Experimental infrared spectra were recorded on a PerkinElmer Spectrum 65 FT IR spectrometer equipped with a specac MK II Golden Gate Single Reflection ATR unit. The samples were dried for four days at 40 °C and 0.5 mbar and used without further purification.

4 Results and discussion

4.1 Force field parameters

Transferability and accuracy are two opposing concepts in the design of force fields. Transferability ensures that the FF can be used for similar compounds. For example, in ionic liquids, the parametrization of the imidazolium rings should be kept fixed, although various alkyl chains may be attached to the aromatic nitrogens. This way, the properties of similar compounds can be compared more easily as differences are more likely based on various functional groups and not a completely different FF. However, using general energy potentials for families of molecules reduces the accuracy of the FF for a particular molecule, which is true for reproducing experimental infrared spectra. As a compromise between transferability and accuracy, usually no new FF potentials and atom types are introduced, adopting instead the existing potentials for each molecule. Consequently, the bond, angle, and dihedral potentials of C2mim+ and C4mim+ may have slightly different force constants but still share corresponding equilibrium distances and angles as well as the multiplicities of the dihedral potentials. Also, Lennard-Jones parameters, partial charges, and polarizabilities are not changed to preserve the collective structure and dynamics of the ionic liquids. The resulting force constants for each ion, as output by FFGenOpt, along with the original values taken from the appropriate references, are collected in the tables of the ESI.

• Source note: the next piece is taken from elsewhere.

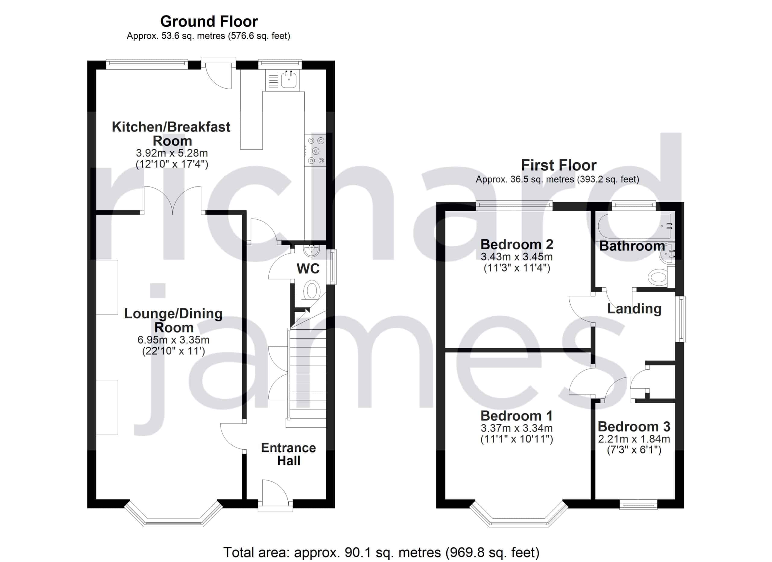The ground floor living accommodation comprises; entrance hall, W.C, a large bay window fronted lounge/diner plus a modern kitchen/diner with white goods. The first floor offers; first floor landing, a generous master bedroom, a good sized second bedroom plus the third bedroom and bathroom. Externally the property boasts a generous rear garden with a patio area, lawned area, brick built garage and decked seating area. To the front is a large driveway with parking for multiple vehicles. Council tax Band C.

4.2 Normal modes in the gas phase

FFGenOpt is capable of reproducing the vibrational frequencies with correct normal mode vectors of QM gas phase calculations with qualitative accuracy as shown in Fig. 2. The dashed line represents 100% agreement between the force field and the QM frequencies. The gray area indicates a discrepancy of 100 cm−1. These FF vs. QM normal modes not only coincide in frequency but also have similar eigenvectors, which were also checked by visual inspection. The most problems concern acetate (gray up triangles), where the agreement can only be improved by adding additional dihedral potentials with different multiplicities and anharmonic potentials. Despite that, the original FF potentials were kept for transferability, and only the force constants were varied. Minor problems also exist for a C–H stretching mode of C2mim (off-diagonal blue pentagons) as the automated alignment in FFGenOpt has problems with normal modes having very similar eigenvectors. However, a frequency penalty exists in FFGenOpt for large frequency discrepancies, which solves most but not all of these problems. The penalty should not be too large as otherwise the alignment of the normal mode vectors becomes obsolete.
image file: d3cp00932g-f2.tif
Fig. 2 Comparison of FFGenOpt vs. QM frequencies of normal modes of individual ionic liquid ions. Note that the FF frequencies are not sorted by value but rather by the alignment of the eigenmode to the corresponding QM vibration.

Even so, a reasonable agreement between FF (blue) and QM normal modes (yellow) does not automatically result in a good reproduction of experimental IR spectra of the liquid ionic liquid, as shown in Fig. 3 for [C4mim]BF4. Although the B–F stretching modes near 1132 cm−1 of the FFGenOpt FF (blue line) matches the QM frequencies of 1126 cm−1 quite well (yellow line), this peak is red-shifted by 80 cm−1 in the experimental spectrum (green line) of liquid [C4mim]BF4. Also, the second peak of the FFGenOpt FF (blue) at 1230 cm−1 is roughly 70 cm−1 higher than the corresponding experimental peak. Nevertheless, the better agreement between the FFGenOpt optimized FF (blue line) than the original polarizable FF (red line) from ref. 16 is apparent. This applies not only to the overall shape of the spectra but also to the positions of the peaks.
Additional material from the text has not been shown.